Local Vietnam veterans honored in ceremony at ‘The Wall’

Local Vietnam veterans at Thursday’s ceremony are, from top, at left, John Delaney, Ron Jones, Fred Miller, George Crouse, Carlton Cannon; Robert “Chip” Rager, Sam Shoemaker, Craig Yarnell, Jimmy Stewart, Tom Gordon; John Shoemaker, Roger White, Meat McCaslin, Gary Brooks, Lee Brooks; Brent Pasquinelli, Truman Hibbler, Rich Myers, Gaylan Klobe. At right, from top, are Carol Terry and escort Shawna Mumma; Joe Worrick, Dave Kinley; John Cole, Jerry Winner, Dean Wetzler; Tink Cummings, Mike Dunlap, Eli Duck. LANA MUTHLER/THE EXPRESS

STATE COLLEGE — “We have waited a long time for this event and I want to welcome every Vietnam veteran home. We are literally surrounded by heroes this evening.”

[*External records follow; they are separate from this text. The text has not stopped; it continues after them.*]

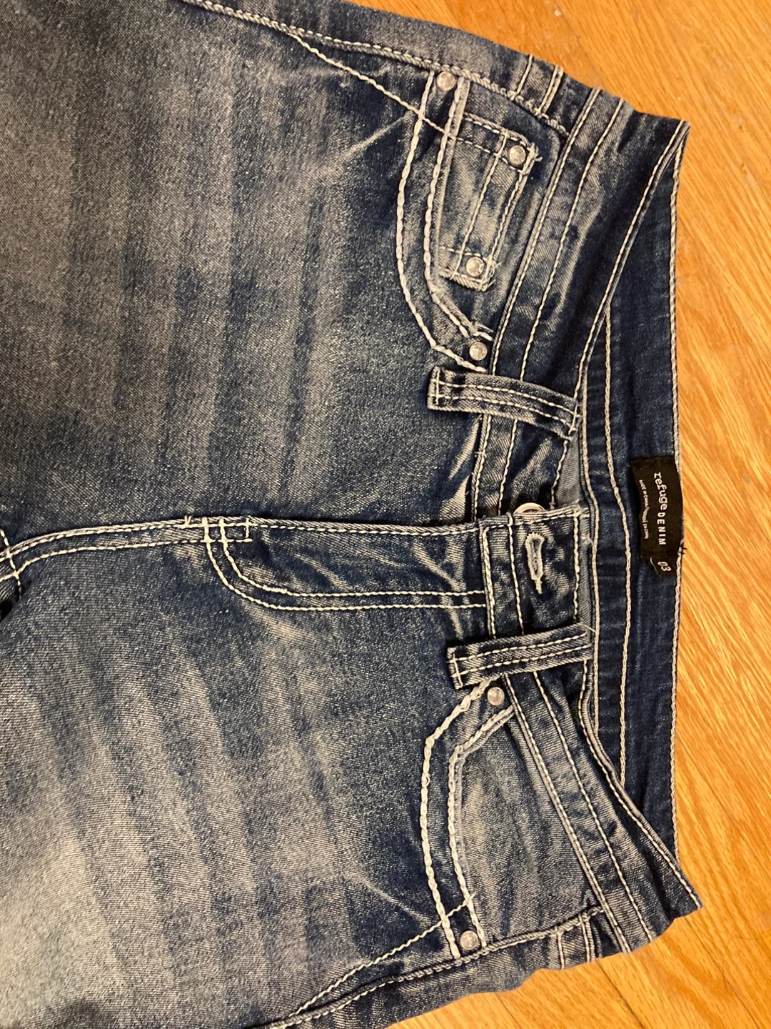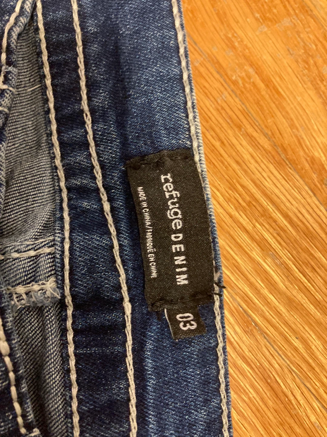 Women's Refuge/Urban Denim jeans with a bootcut/flare style y2k/vintage look. Features white contrast stitching and embellished back pockets with rhinestones. worn twice and didn’t like the size on me, looking for offers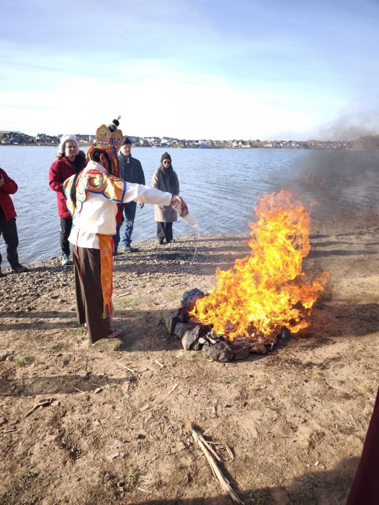 After spending several days near Moscow, Ga Lhakhang Rinpoche returned to Irkutsk and continued to grant teachings and perform rituals. A Ganapuja was held, along with an explanation of the Chöd practice, and a Chakrasamvara Fire Ritual was performed on Angara river to overcome negative influences.
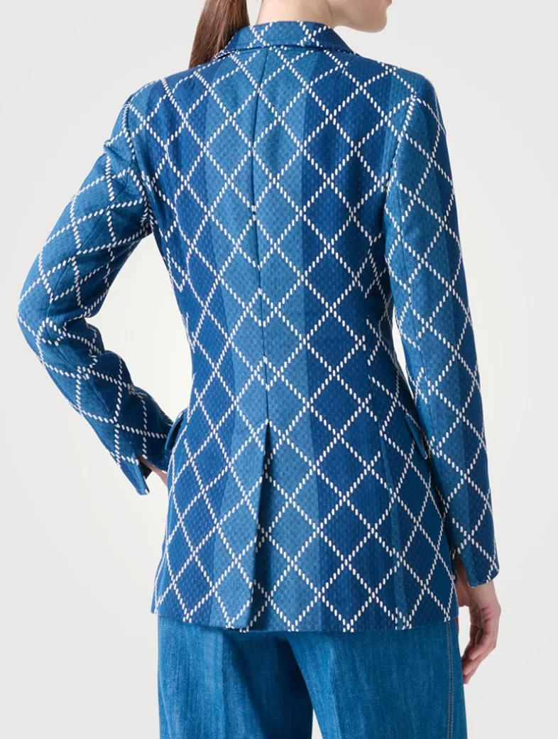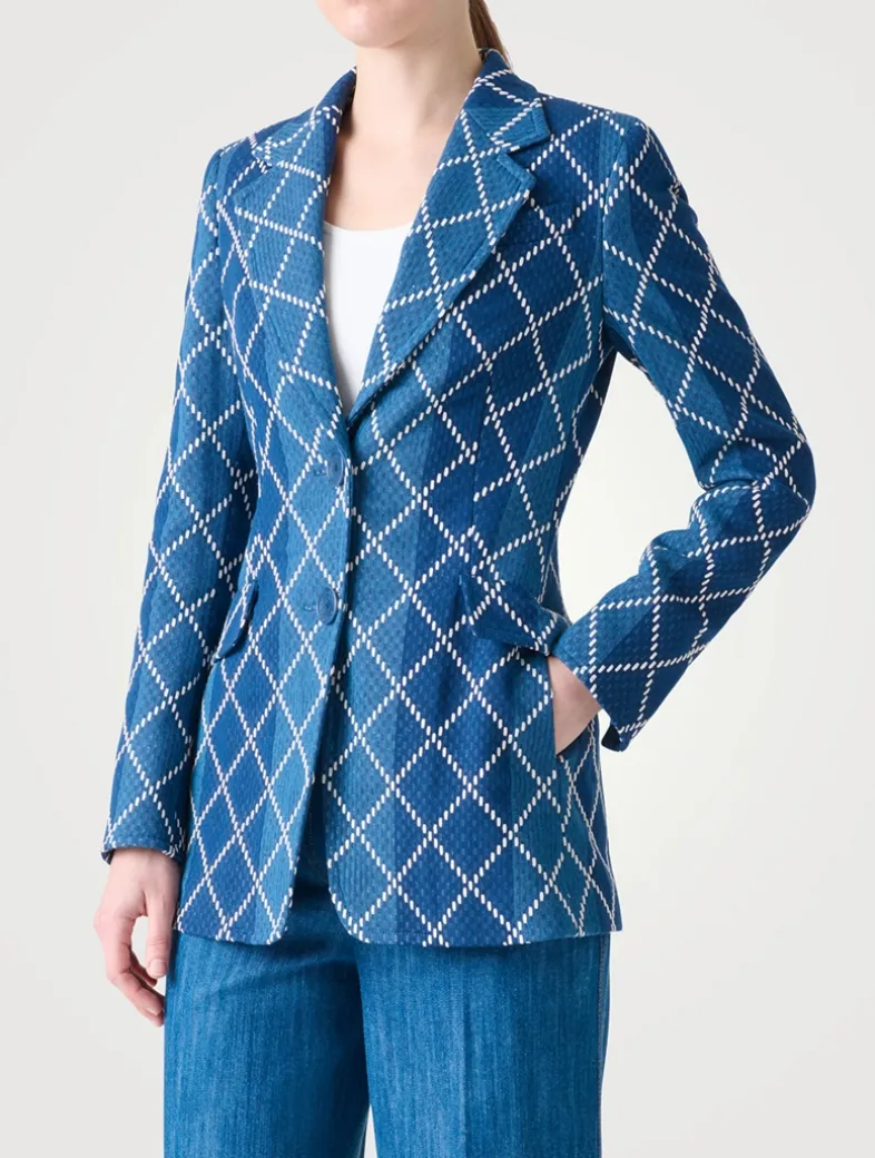 This denim jacket mixes a casual fabrication with a timeless silhouette. It features a diamond-shaped jacquard pattern and classic tailored detailing, including flap pockets and a lapel collar.

The words of Vietnam vet Brent Pasquinelli set the stage for a solemn ceremony honoring local Vietnam veterans.

A huge crowd, perhaps 500, sat and stood beneath a large white tent in Innovation Park for the opening ceremonies of The Vietnam Memorial Traveling Wall’s visit to Centre County on Thursday evening. Others stood in the rain under umbrellas, not wanting to miss any part of this emotional experience.

Behind them, the vastness of the wall stood tall, its panels telling the sad story of a generation of young men who never came back from the jungles and swamps of Vietnam.

Dark clouds loomed above and a steady rain fell, but the weather could not put the damper on this patriotic event that brought together 50 local Vietnam veterans for special recognition.

Oh, these veterans have certainly changed in 50 years, now sporting gray hair and walking a bit slower… some with canes and walkers… than that time when they were barely out of their teens and were sent to a faraway land to fight for their lives and for their country.

But their pride and patriotism is steadfast,

You could see it on their faces as they walked, two by two, into the tent to receive a lapel pin for their service. Some even wiped tears from their eyes as they perhaps remembered a time they’d like to forget.

It was a quiet procession and it meant a lot to this group — who would answer the call of duty all over again if asked — who were finally being recognized for their courage and bravery… 50 years later.

These are the men and women who make America the greatest country in the world. And they showed their strength and fortitude as they strutted their stuff on this night.

Of the 50 veterans honored, the largest contingent came from Clinton County.

It was a homecoming for some, as they walked into the park and recognized each other, shaking hands, hugging and sharing conversation. Credit goes to David Bower, VFW service officer in Lock Haven, who served on the wall committee and let local veterans know of the event, encouraging them to participate.

And they responded in a big way.

It was certainly a proud night for our community.

Sitting among the veterans was Carol Terry of Lock Haven, whose husband, Major Frederick Terry Jr., lost his life during his third tour in Vietnam. Terry was called to place a wreath at the wall in honor of her husband and the 58,152 others who died in Vietnam and whose names are listed on the wall.

Also in the audience was Dorothy Rager of Lock Haven. At age 93, she sat quietly by herself watching and listening. Dorothy served in the Navy during World War II, but on this day she was here with her son, Robert “Chip” Rager, a Vietnam veteran honored at the ceremony.

Pasquinelli, of State College, said that 3,000 names on the wall are of Pennsylvania men and women who died in the Vietnam war.

“The largest age group on the wall is 19 years of age, and over 50 percent of those killed were under age 22,” he continued.

“And the list is growing,” he said, explaining that names are being added to the wall as Vietnam veterans die from conflict-related diseases.

Capt. Ryan McCombie, a Navy seal who served in Vietnam, called the veterans in the crowd “true American heroes.”

“Fifty years ago… 1967… they called it the summer of love,” he said remembering songs by the Beatles and the Mamas and Papas that were all about love.

“Everybody was loved and welcome… except the men and women in uniform. We weren’t welcome in the parks, the beaches or the universities… During this summer of love, 3,000 of these outcasts were killed. They died in a conflict our government refused to call a war.

“When we arrived home, we were not welcome… we were not welcome in the country that we swore to protect. Now, 50 years since that summer of love… today… we welcome home all our vets and recognize the sacrifices they made.”

“This wall is more than a reminder of the ultimate sacrifice, it’s an eternal reminder that our sons and daughters who fought our wars are welcome in our country,” McCombie concluded.

Pasquinelli thanked everyone who attended the ceremony. “You have no idea how this makes us feel. It’s a truly remarkable display of patriotism and support,” he continued.

He told his fellow veterans, “This ceremony is intended as a healing experience, and we offer you our deepest appreciation for your courage, commitment and valor.”